## Work item
No pictures in the copy. Write out the listing below exactly.
** Opening Data excerpt block **
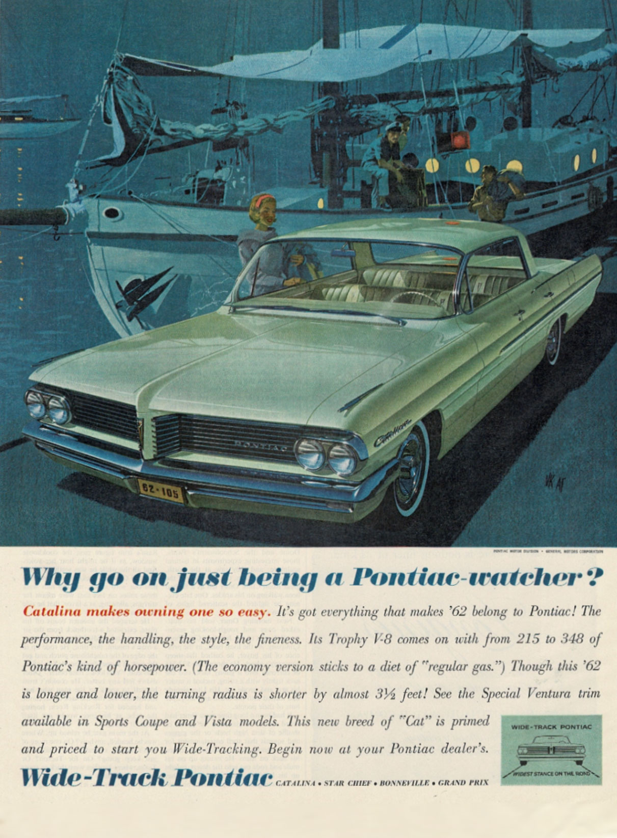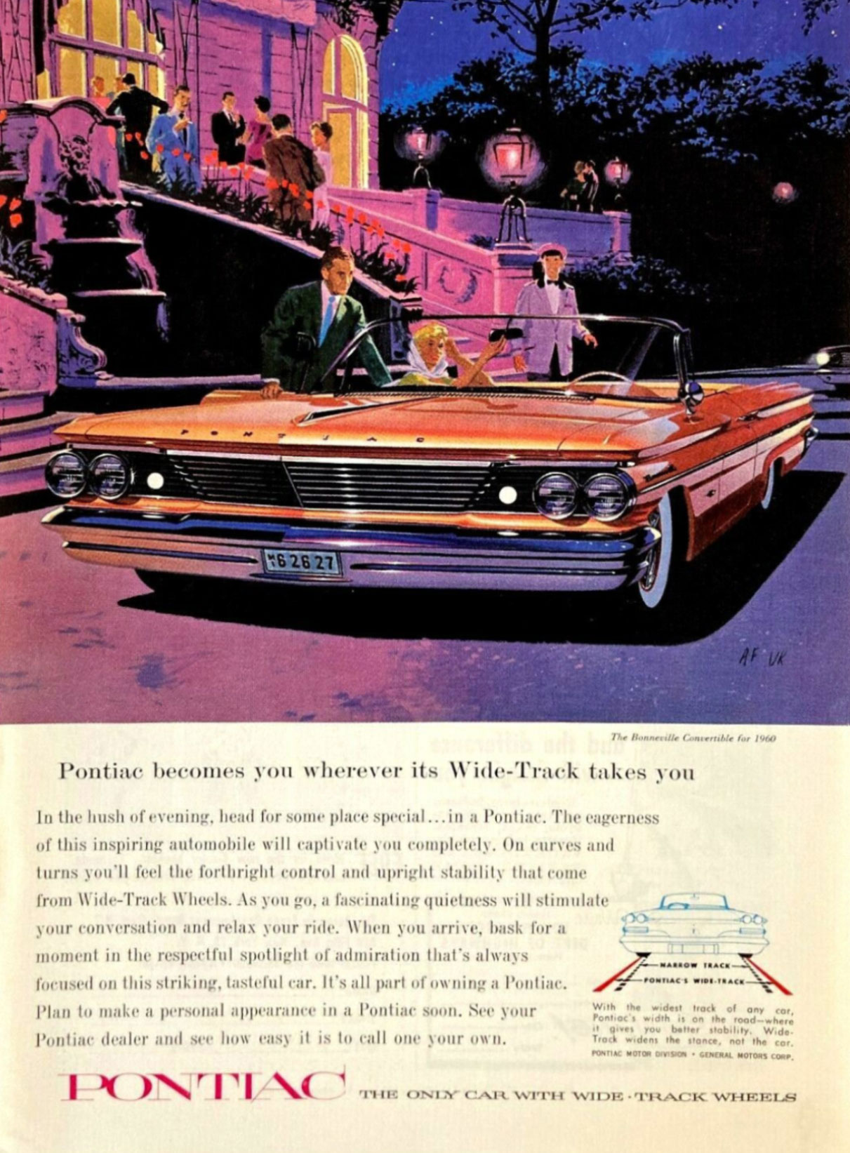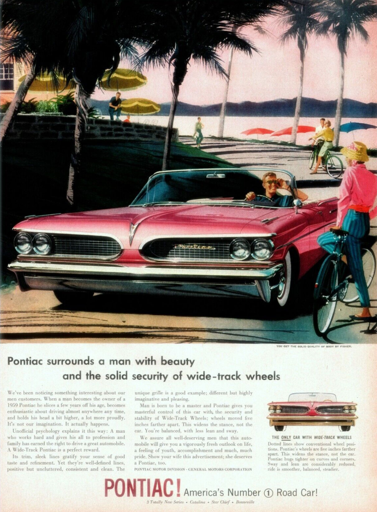 What’s interesting in this ad is they chose sunny colors for the story, but a strong black for the Pontiac itself. You can’t stop looking at it!
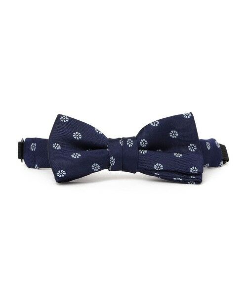 程良い微光沢が気品漂うシルク素材の蝶ネクタイです。ネイビーをベースにサックスの差し色が効いた小紋柄がポイントとなり、入学式や卒業式、発表会など、お子様の特別な日を鮮やかに彩ります。首回りは、アジャスター付きのゴム仕様。お子様の成長に合わせてお使いいただけます。お子様一人でも取り外しができるフックで留めるだけの簡単仕様も嬉しいポイントです♪同柄で、簡単仕様の結びタイ(品番:519-35-0032)、ネクタイ(品番:519-36-0009)もござます。
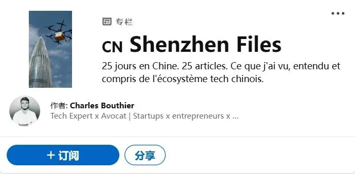他曾在美国华盛顿、荷兰海牙、德国慕尼黑以及法国巴黎等地执业或交流,服务过近百家科技初创企业,并参与法国公共投资银行Bpifrance的研发项目评估。此次中国行中,Charles Bouthier走访了大量创始人、投资者、工程师与研究人员,撰写了包含25篇文章的《深圳档案》系列笔记。
** Closing Data excerpt block **
## Exercise result
 What’s interesting in this ad is they chose sunny colors for the story, but a strong black for the Pontiac itself. You can’t stop looking at it!
 程良い微光沢が気品漂うシルク素材の蝶ネクタイです。ネイビーをベースにサックスの差し色が効いた小紋柄がポイントとなり、入学式や卒業式、発表会など、お子様の特別な日を鮮やかに彩ります。首回りは、アジャスター付きのゴム仕様。お子様の成長に合わせてお使いいただけます。お子様一人でも取り外しができるフックで留めるだけの簡単仕様も嬉しいポイントです♪同柄で、簡単仕様の結びタイ(品番:519-35-0032)、ネクタイ(品番:519-36-0009)もござます。
他曾在美国华盛顿、荷兰海牙、德国慕尼黑以及法国巴黎等地执业或交流,服务过近百家科技初创企业,并参与法国公共投资银行Bpifrance的研发项目评估。此次中国行中,Charles Bouthier走访了大量创始人、投资者、工程师与研究人员,撰写了包含25篇文章的《深圳档案》系列笔记。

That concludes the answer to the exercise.